ElevenLabs introduced a tool that clones Celebrity voices.

A few days ago, the startup ElevenLabs introduced a beta version of the platform for creating synthetic clone voices of real people for voicing texts. Just a few days later, deepfakes of the voices of celebrities voicing extremely dubious texts appeared on the Web.

According to the company, there is an “increasing number of cases of abuse of vote cloning” – the company is already working to solve the problem by introducing additional protection measures.

What was meant by abuse, the company did not specify, but it is already known that audio recordings with the voices of celebrities containing statements of unacceptable content appeared on Internet forums.
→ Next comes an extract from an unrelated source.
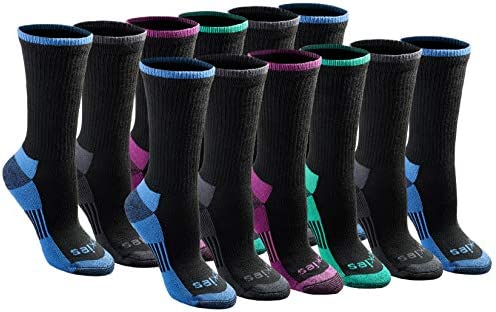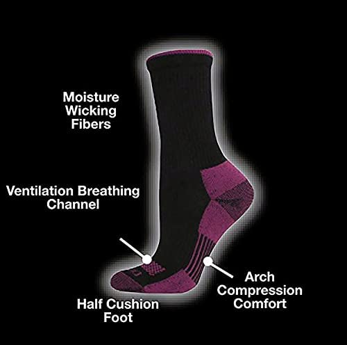 Dickies dri-tech moisture control for women crew sock combines moisture wicking fibers and mesh ventilation channels to keep feet dry and comfortable.

It is not yet known whether all the materials were created using ElevenLabs technology, but a significant collection of voice files contains a link to the company’s platform. However, there is nothing surprising in this, since the emergence of publicly available machine learning systems has led to the emergence of numerous deepfakes of various kinds.

ElevenLabs is collecting Feedback

ElevenLabs is now gathering feedback to prevent abuse of the technology. At the moment, the company has not come up with anything unusual except for adding additional account verification measures to provide access to vote cloning.

Ideas include entering payment information or ID data. In addition, verification of the rights to use the voice that users intend to clone will be considered, for example, a sample with a reading of the proposed text will be asked.

Finally, the company is considering the possibility of completely abandoning the Voice Lab tool and forcing it to pass the verification of votes in manual mode. In the meantime, users were encouraged to share ideas with the developers of the service.

Microsoft is the ElevenLabs Competitor

It is known that in the first half of January, a similar solution was presented by Microsoft. Its VALL-E tool also allows you to convert text into speech, using as a sample just 3 seconds of recording the voice of any person.